** Problem details **
Restate word for word the material below, starting at the line that contains "Tirunesh Dibaba (Oromo: Xirunesh" and stopping after the last line; skip pictures.
-- Opening Marker --
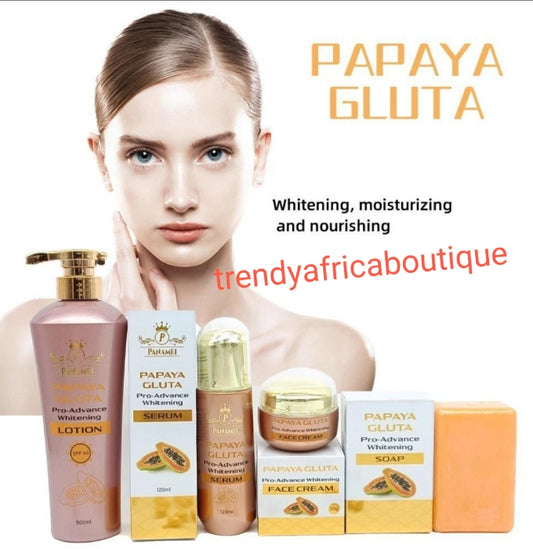 4pcs. Set; Panamei Pro-advance whitening body lotion, serum, face cream and exfoliating soap. Spf 40. Super anti ageing whitening set. Papaya Gluta👍
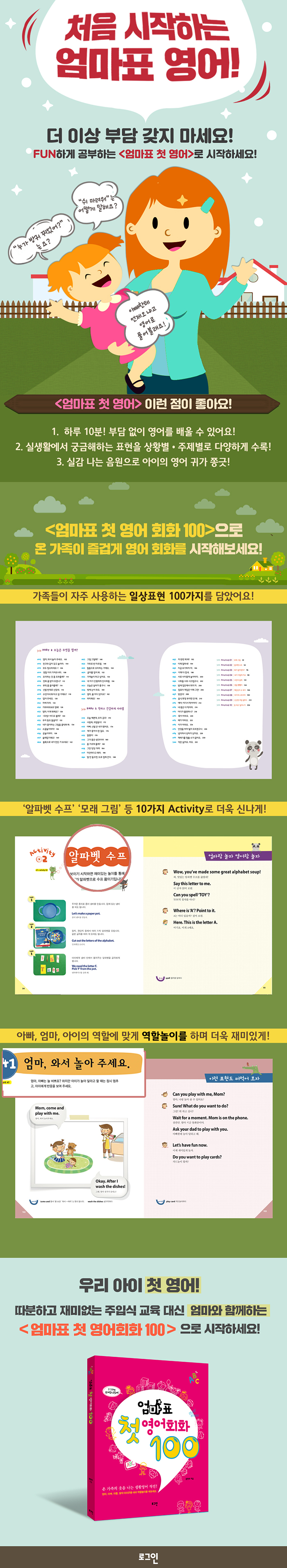 - 활용법 PART 1 우리 식구의 하루는? 001 일어나세요, 잠꾸러기! 002 가서 세수하렴. 003 와서 아침 먹어라. 004 이를 깨끗이 닦아요. 005 아빠 회사 갔다 올게. 006 저 혼자 할 수 있어요. 007 엄마가 머리 묶어 줄게. 008 서둘러! 유치원에 늦겠다. 009 엘리베이터 올라와요. 010 즐거운 하루 보내렴! 011 엄마, 다녀왔어요! 012 유치원에서 재미있었니? 013 유니와 싸웠어요. 014 과자 먹을래요. 015 스파게티를 먹었어요. 016 재민이가 제일 친한 친구예요. 017 엄마, 쉬 마려워요. 018 물 내렸니? 019 민지야, 왕 코딱지! 020 놀이터 가자. 021 엄마, 그네 타도 돼요? 022 놀고 나면 가서 손 씻으렴. 023 엄마, 우유 한잔 주세요. 024 피아노 수업 싫어요. 025 아빠, 언제 와? 026 아빠 왔다! 027 밥상 차리는 걸 도와줄래? 028 10분 있다 저녁 된다! 029 소금 좀 주실래요? 030 TV에서 떨어져 앉아. 031 윽, 누가 방귀 뀌었어? 032 목욕하자. 033 자, 물 튼다. 034 머리 감기 싫어요. 035 수건으로 몸을 닦으렴. 036 나 로션 발라요. 037 키가 얼마나 되는지 보자. 038 잠옷으로 갈아입으렴. 039 아빠가 책 읽어 줄게. 040 좋은 꿈 꿔! PART 2 오늘은 무엇을 할까? 041 엄마, 와서 놀아 주세요. 042 친구와 같이 갖고 놀아라. 043 모두 청소하세요~! 044 양말 이리 가져오너라. 045 요리하는 것 좀 도와줄래? 046 전화 좀 받아 주겠니? 047 부탁 좀 들어줄래? 048 신발 반대로 신었네. 049 수민이네 뭐 타고 갈 거예요? 050 업어 주세요. 051 차에 타라. 052 가위바위보로 정해! 053 엄마, 이게 뭐예요? 054 [위씽] 비디오 볼래? 055 우리 동요 들을까? 056 네가 좋아하는 그림을 클릭해 봐. 057 소꿉놀이하자! 058 공놀이하자. 059 술래잡기해요! 060 블록으로 내가 만든 거 보세요! 061 그림 그릴래? 062 가위로 반 자르렴. 063 찰흙으로 요리하는 거예요. 064 글자를 짚어 봐. 065 가게놀이 하고 싶어요. 066 네 아기 인형에게 인사하렴. 067 오늘은 날씨가 좋구나. 068 밖에 눈이 와요. 069 엄마, 풀 어디 있어요? 070 파티해요! PART 3 착하고 건강하게 자라렴 071 오늘 예쁜데, 우리 공주! 072 사랑해, 귀염둥이! 073 아빠, 신발 끈 내가 맸어요. 074 제가 좋아서 한 걸요. 075 잘했어! 076 그거 좋은 생각이야! 077 좀 가르쳐 줄래? 078 그만 징징 거려! 079 미안하다고 해라. 080 말 안 들으면, 도로 집에 간다. 081 자 한번 해 봐! 082 이제 잘하네! 083 지금 포기하지 마. 084 이제 다 컸네. 085 서로 사이좋게 놀아야지. 086 너희들 너무 시끄럽구나. 087 밤에 집안에서 뛰지 마. 088 컴퓨터 게임은 이제 그만! 089 맞았다! 090 음식 투정 부리면 안 돼. 091 얘야, 여기서 먹어야지! 092 네 몫은 다 먹어라. 093 어디가 불편하니? 094 목이 아파요. 095 배가 아파요. 096 이가 아파요. 097 안경을 써야 될지 모르겠구나. 098 넘어져서 상처가 났어요. 099 재채기를 멈출 수가 없어요. 100 약은 싫어요. 써요. Activity 01│모래 그림 Activity 02│알파벳 수프 Activity 03│뭐가 없어졌지? Activity 04│내가 이렇게 커요 Activity 05│나만의 달력 Activity 06│생일 뺑뺑이 Activity 07│계란상자 수 세기 Activity 08│무지개 스트리머 Activity 09│신선한 과일 샐러드 Activity 10│등 대고 일어나기 |
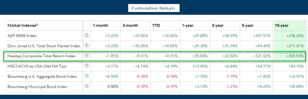 “Folly is a joy to him who lacks sense, but a man of understanding walks straight ahead.” If you use an investment advisor, then you should understand how the returns your advisor is delivering compare with the three significant indices. The ticker symbols of the three I have mentioned are IXIC, SPX, and DJIA. I don’t believe many investors need to beat these indices, and most cannot. However, if your advisor is delivering less than 8-10% returns over the last ten years, you need to carefully evaluate if you are getting value for the payments you make to your advisor for managing your investments.
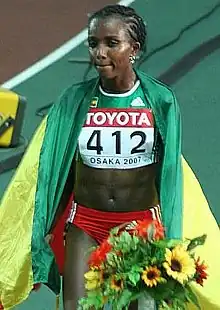 Tirunesh Dibaba (Oromo: Xirunesh Dibaabaa, Amharic: ጥሩነሽ ዲባባ ቀነኒ; born 1 October 1985[5]) is an Ethiopian athlete who competed in long-distance track events and international road races. She has won three Olympic track gold medals, five World Championship track gold medals, four individual World Cross Country (WCC) adult titles, and one individual WCC junior title. Tirunesh was the 5000 metres (outdoor track) world record holder until 2020 when Letesenbet Gidey set her world record.[6] She is nicknamed the "Baby Faced Destroyer."[7]
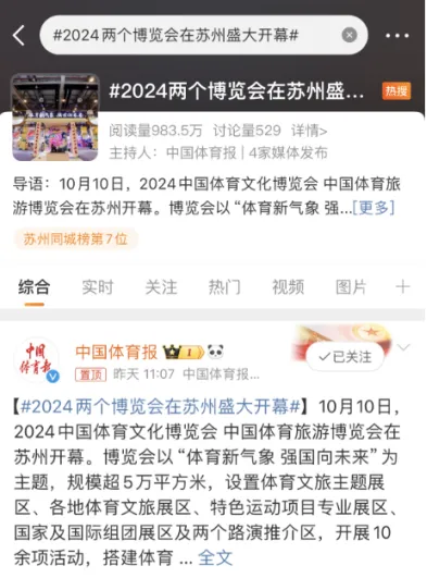 中央广播电视总台、新华社、人民日报、中国新闻社、央视网、人民网、新华网、中国教育电视台、中国体育报等20多家主流媒体、70多家省区市地方媒体以及30多家苏州媒体欢聚一堂,186位记者现场报道,展会三天累计新闻报道3800余条,全网信息浏览量破2亿,话题#2024两个博览会在苏州盛大开幕#上榜微博热搜前三,阅读量超983.5万,关注度空前。
-- Closing Marker --
** Answer section **
 Tirunesh Dibaba (Oromo: Xirunesh Dibaabaa, Amharic: ጥሩነሽ ዲባባ ቀነኒ; born 1 October 1985[5]) is an Ethiopian athlete who competed in long-distance track events and international road races. She has won three Olympic track gold medals, five World Championship track gold medals, four individual World Cross Country (WCC) adult titles, and one individual WCC junior title. Tirunesh was the 5000 metres (outdoor track) world record holder until 2020 when Letesenbet Gidey set her world record.[6] She is nicknamed the "Baby Faced Destroyer."[7]
 中央广播电视总台、新华社、人民日报、中国新闻社、央视网、人民网、新华网、中国教育电视台、中国体育报等20多家主流媒体、70多家省区市地方媒体以及30多家苏州媒体欢聚一堂,186位记者现场报道,展会三天累计新闻报道3800余条,全网信息浏览量破2亿,话题#2024两个博览会在苏州盛大开幕#上榜微博热搜前三,阅读量超983.5万,关注度空前。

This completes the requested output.